伊斯利爾隨手關上門,蹦蹦跳跳的來到牀邊,然後隨手將手裏的衣裙扔到了牀上。
牀上頓時多出一片火紅,在陽光的輝映下,讓她的臉,也帶上了一層紅暈。
“女神在上,這難道就是人類社會中,傳說中的科科棉織的布做的?好軟呢。”
隨手拿起一件奇奇怪怪的衣服,她仔細的撫摸着料子,驚訝的瞪大了眼睛。
面料細軟,而且即透氣又吸汗,比妖精族當年傳給人類的麻布製作技術,要優秀很多。
“人族的進步很大哦,”伊斯利爾眨了眨眼睛,然後又皺着小鼻子說道,“嗚……,以後不能說這樣的話了哦。阿爹也是人類呢,所以我應該是半妖精哎。但是爲什麼我的純妖精血脈沒有被影響呢,好奇怪。”
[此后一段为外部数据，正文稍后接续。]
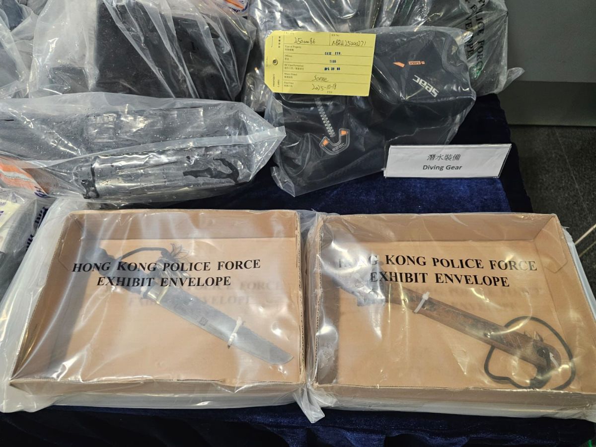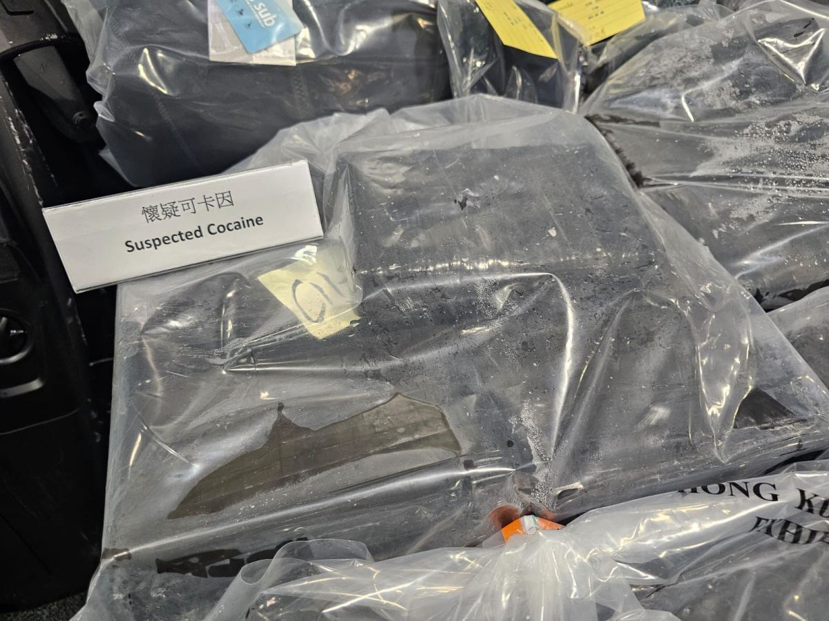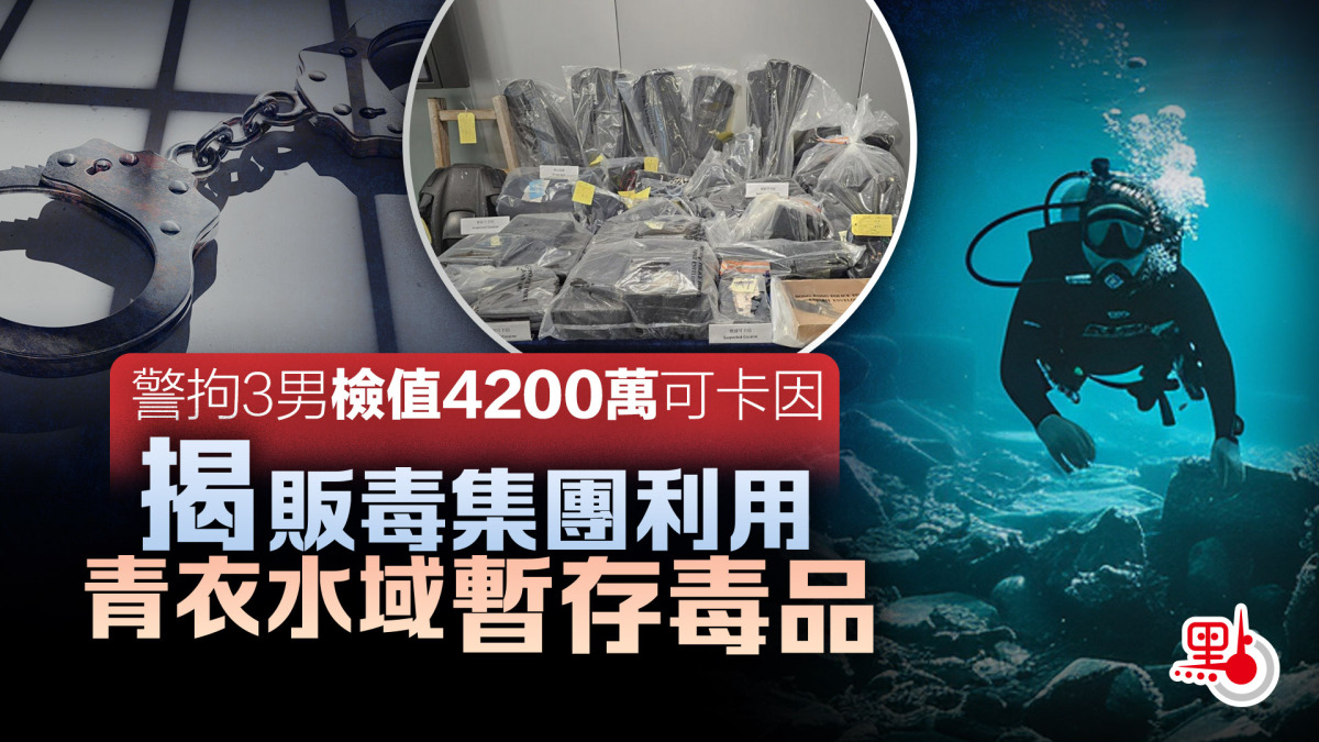 警方今日(19日)簡報案情指,經情報分析及調查,相信有販毒集團將非法運入境的毒品暫存於青衣近岸水域,隨後安排潛水員將毒品打撈上岸,供應本地毒品市場。毒品調查科於昨日展開針對性行動,並於凌晨時分發現有人在青尚路一停車場靠近岸邊的位置,將三大袋物品交予岸上接應的團伙成員,隨後將物品搬上一輛私家車,準備離開。

“伊斯利爾小姐……,那套裙子,您自己是穿不好的,請允許我幫忙。”
門外又傳來三兒的聲音,但是客氣了很多,說話聲也是甜甜的。
不過語氣中卻透着一股不真實的感覺,聽起來,很假。這些細微之處,在妖精的耳中變得異常明顯。
“進來吧,美麗的三兒。”伊斯利爾看着一牀的大小衣服,無奈的翻了個白眼。
她的嘴脣不僅彎了彎。
門輕輕的打開,三兒笑着走了進來。“伊斯利爾小姐,剛纔我不懂事,惹您生氣了,希望您可以原諒。”
“都過去了,以後叫我伊斯利爾就可以了,我們年齡相差無幾,尊稱就免了吧。”伊斯利爾向三兒招了招手,然後揚了揚手裏的衣服,“這個是什麼?”
小小的衣服,好似被連在一起的兩個大花瓣,花瓣的花尖向上,並連着。左右各出一個細細的紅帶子,每條帶子上,再分一條帶子,被縫在帶子邊緣,形成了一個拱門型。
“哦……,這個啊。”三兒的眼睛一亮,轉身看了看門外,然後關上門並上了門栓。
“呃……”伊斯利爾看着她的樣子,突然有一種不好的感覺,“你想幹嘛,我對女人沒興趣的哦。”
說着她把手裏的奇怪東西扔到牀上,揮了揮小拳頭。
“呵呵……,這還是剛剛面不改色和我那兇阿爹談條件的大美人嗎?現在怎麼變的這麼可愛了哦。”三兒笑着走到牀前,拿起了那件衣服,然後在胸前比了比。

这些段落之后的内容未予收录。